§ **ACTIVITY**
Output exactly, and only, the lines below from the one with "1982年精制壹角、伍角、狗章同分PF67UC" down to the one with "However, he isn’t". Include both end lines and no pictures.

§ **INFORMATION SHOWN**
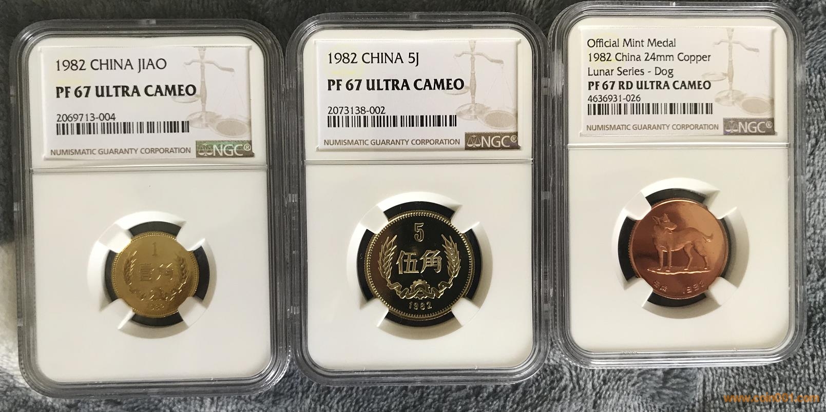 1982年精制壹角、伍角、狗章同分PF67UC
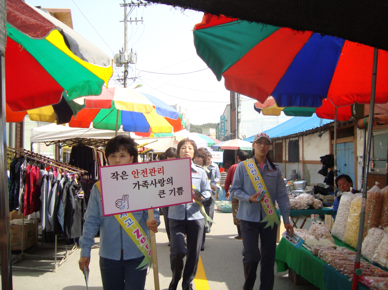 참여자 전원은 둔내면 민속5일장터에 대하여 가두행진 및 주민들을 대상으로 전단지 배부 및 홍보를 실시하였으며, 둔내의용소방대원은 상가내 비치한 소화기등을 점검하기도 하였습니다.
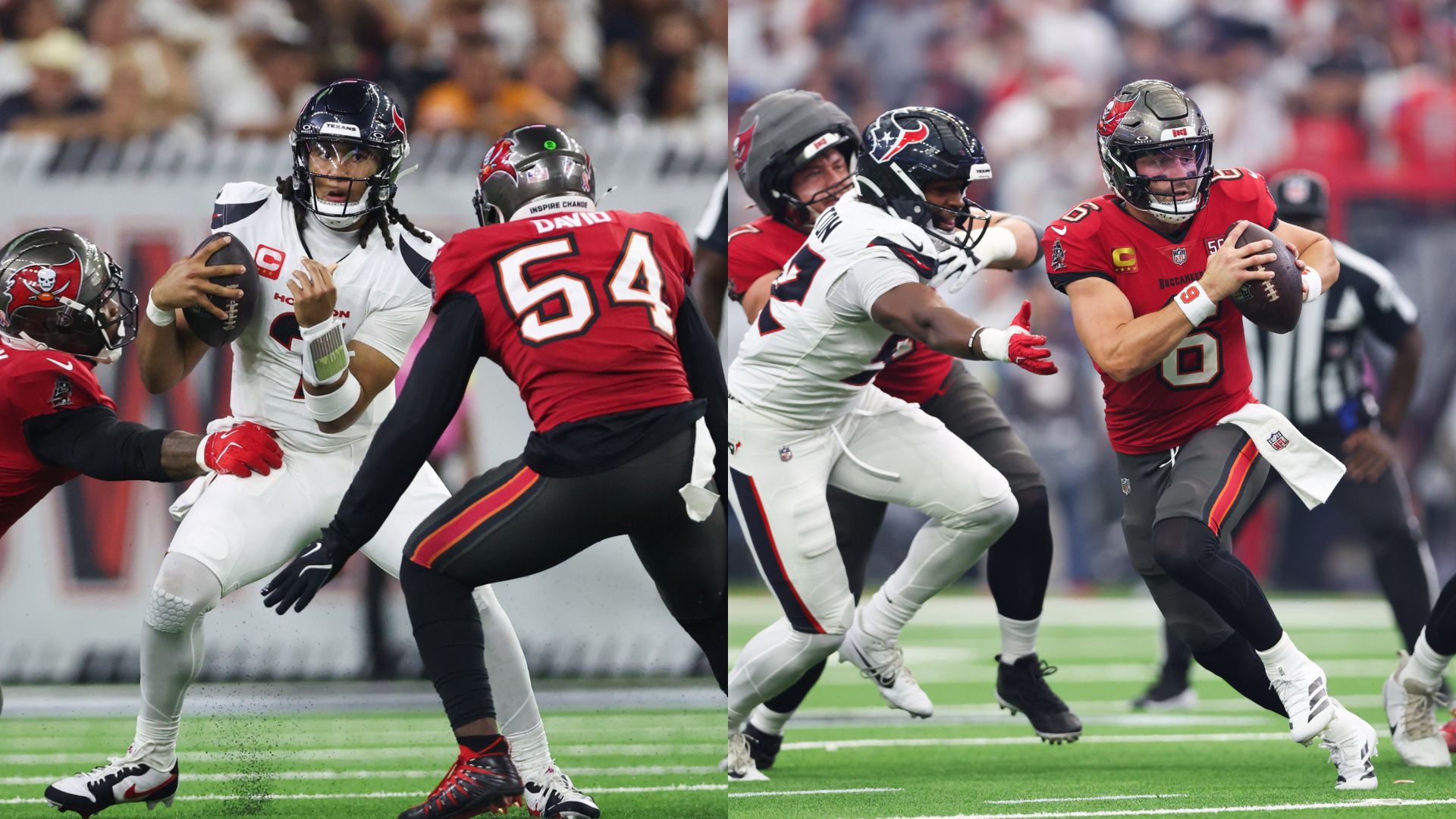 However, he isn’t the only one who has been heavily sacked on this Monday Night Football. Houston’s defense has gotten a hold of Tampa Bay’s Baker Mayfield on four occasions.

==

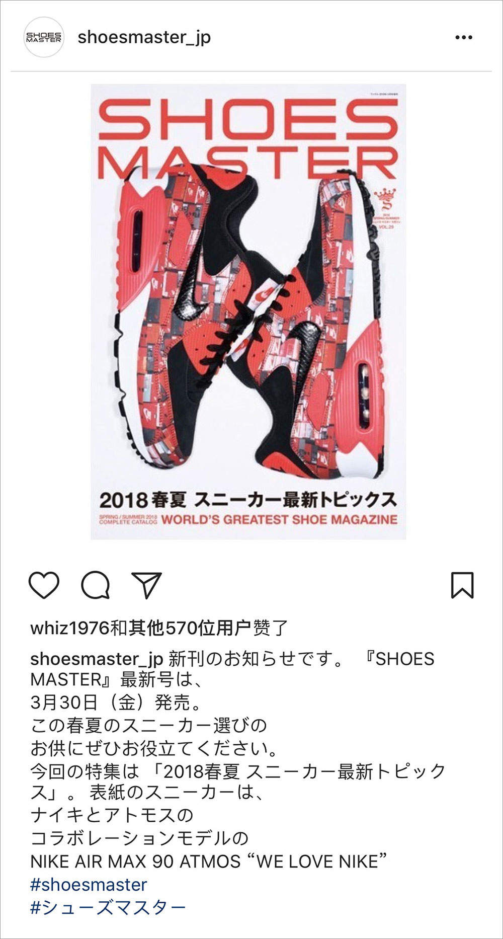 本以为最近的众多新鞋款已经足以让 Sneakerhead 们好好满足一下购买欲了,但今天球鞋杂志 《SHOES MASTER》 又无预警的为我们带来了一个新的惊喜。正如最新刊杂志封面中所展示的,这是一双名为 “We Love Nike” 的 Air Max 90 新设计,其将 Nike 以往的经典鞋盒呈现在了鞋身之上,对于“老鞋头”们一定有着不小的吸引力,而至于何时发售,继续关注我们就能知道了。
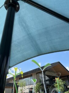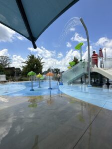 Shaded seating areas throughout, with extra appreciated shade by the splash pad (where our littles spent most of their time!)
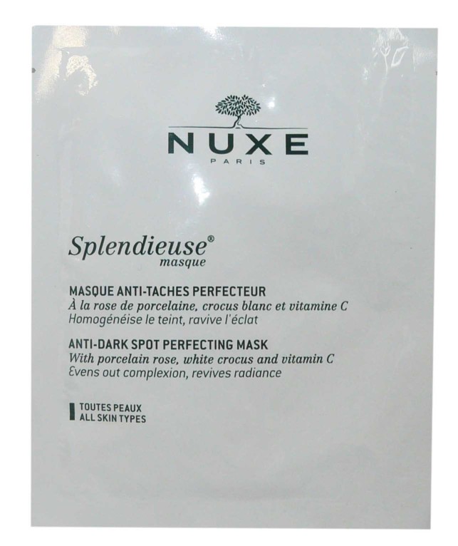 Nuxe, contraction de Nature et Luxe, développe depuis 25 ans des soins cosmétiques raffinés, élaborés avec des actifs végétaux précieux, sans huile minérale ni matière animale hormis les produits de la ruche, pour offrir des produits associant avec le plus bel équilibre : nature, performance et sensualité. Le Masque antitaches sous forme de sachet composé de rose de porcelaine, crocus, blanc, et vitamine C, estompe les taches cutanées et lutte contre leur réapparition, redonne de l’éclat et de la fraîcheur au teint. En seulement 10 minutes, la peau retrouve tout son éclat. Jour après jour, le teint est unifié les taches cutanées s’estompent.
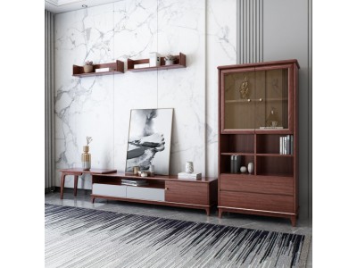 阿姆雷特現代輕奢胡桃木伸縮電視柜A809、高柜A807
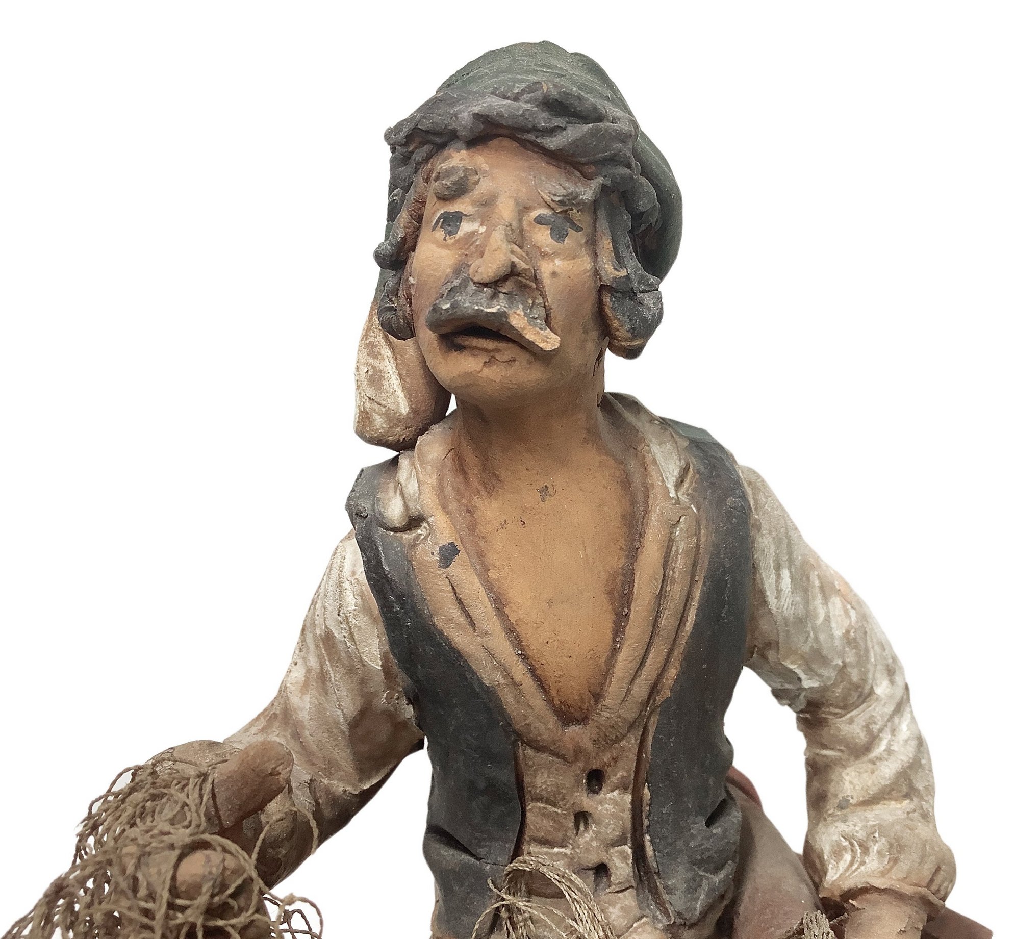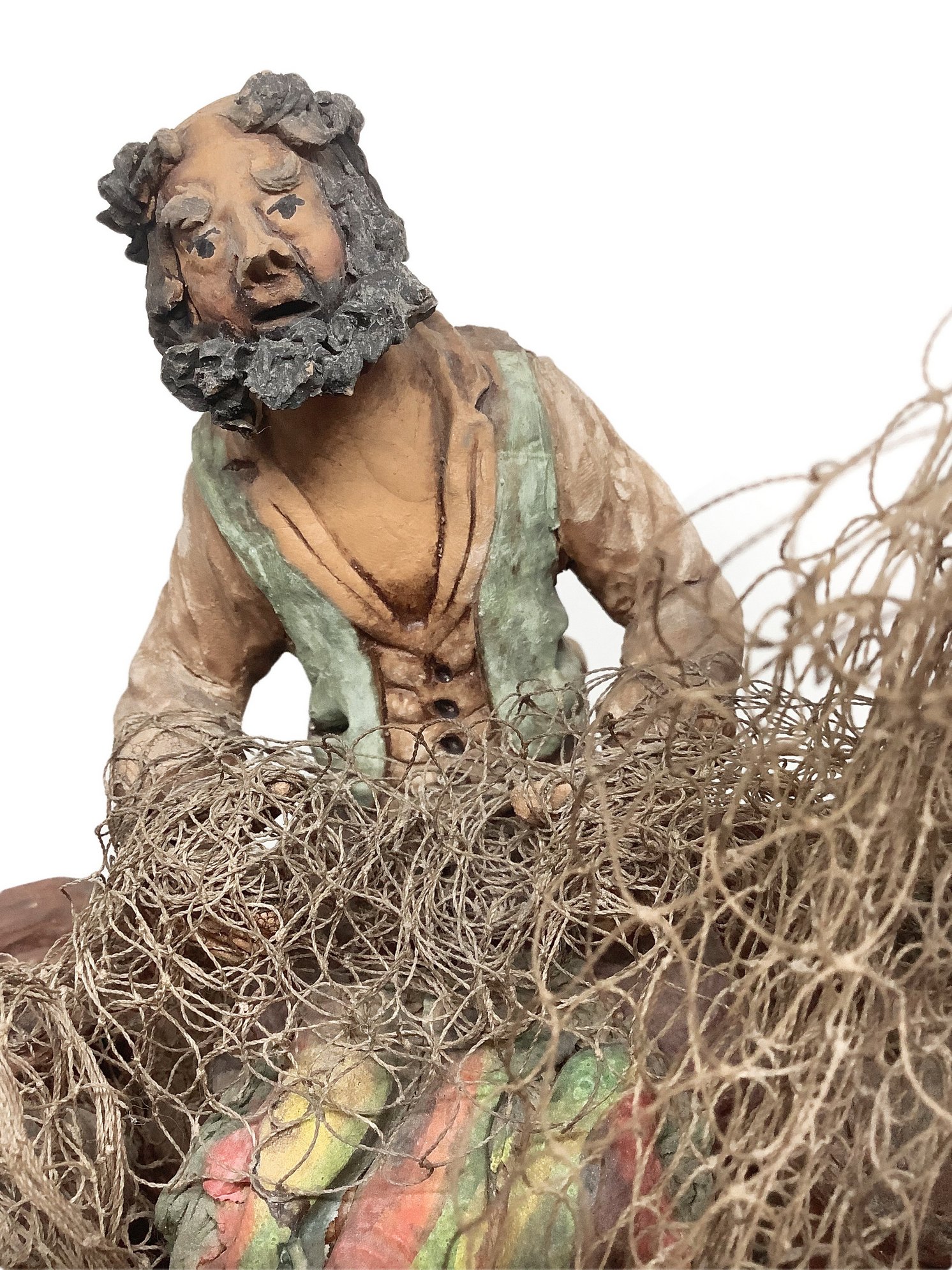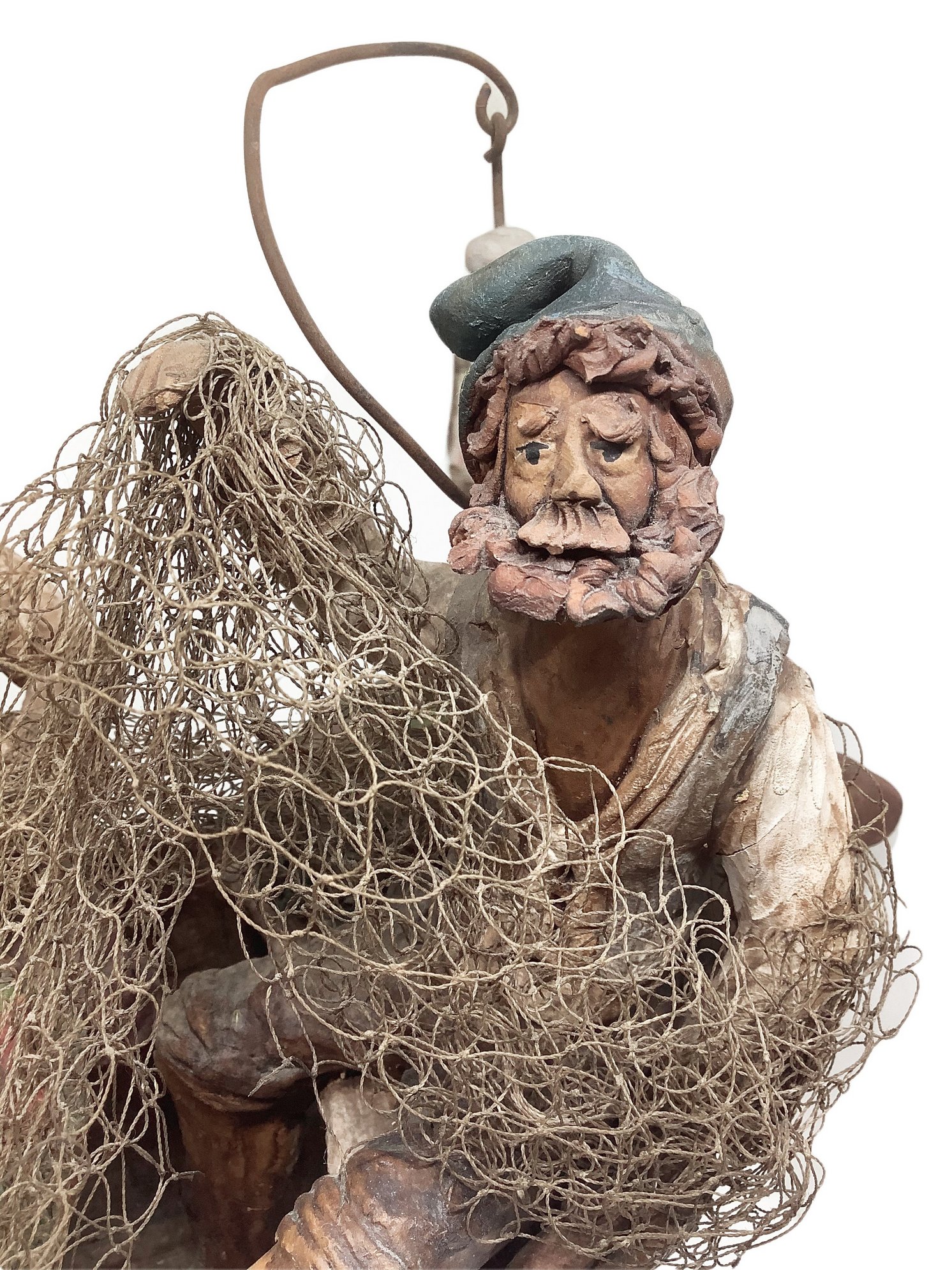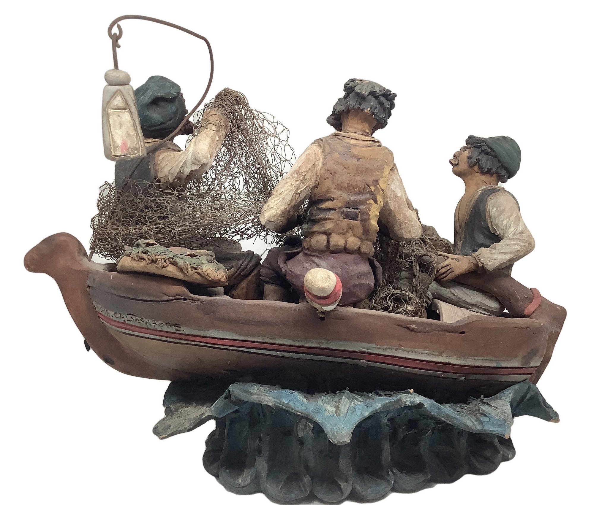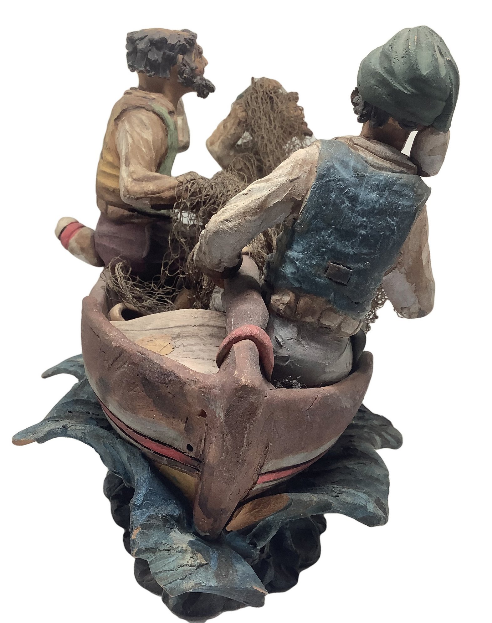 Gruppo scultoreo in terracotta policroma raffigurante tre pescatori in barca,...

==

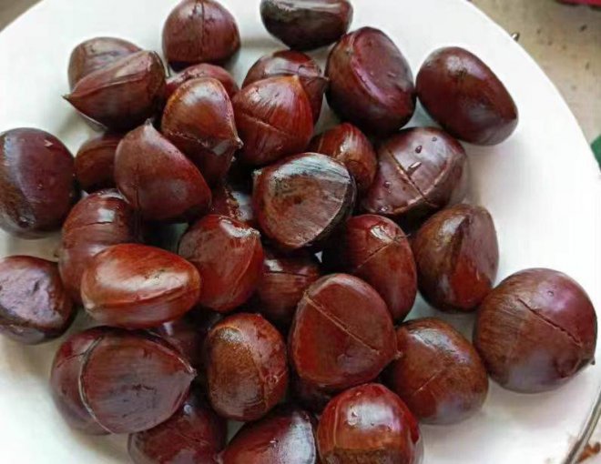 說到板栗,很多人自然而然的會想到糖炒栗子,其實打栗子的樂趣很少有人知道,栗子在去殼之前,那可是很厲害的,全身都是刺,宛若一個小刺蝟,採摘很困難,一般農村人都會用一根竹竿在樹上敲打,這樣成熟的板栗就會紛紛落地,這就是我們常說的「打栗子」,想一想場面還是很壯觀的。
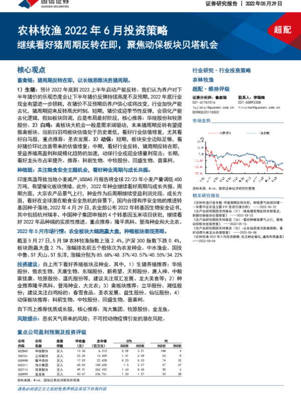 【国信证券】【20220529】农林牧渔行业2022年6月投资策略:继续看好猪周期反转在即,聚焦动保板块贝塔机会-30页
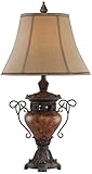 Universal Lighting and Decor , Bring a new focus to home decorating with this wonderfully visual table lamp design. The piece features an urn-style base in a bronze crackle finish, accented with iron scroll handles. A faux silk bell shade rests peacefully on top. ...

§ **RESPONSE**
 1982年精制壹角、伍角、狗章同分PF67UC
 참여자 전원은 둔내면 민속5일장터에 대하여 가두행진 및 주민들을 대상으로 전단지 배부 및 홍보를 실시하였으며, 둔내의용소방대원은 상가내 비치한 소화기등을 점검하기도 하였습니다.
 However, he isn’t the only one who has been heavily sacked on this Monday Night Football. Houston’s defense has gotten a hold of Tampa Bay’s Baker Mayfield on four occasions.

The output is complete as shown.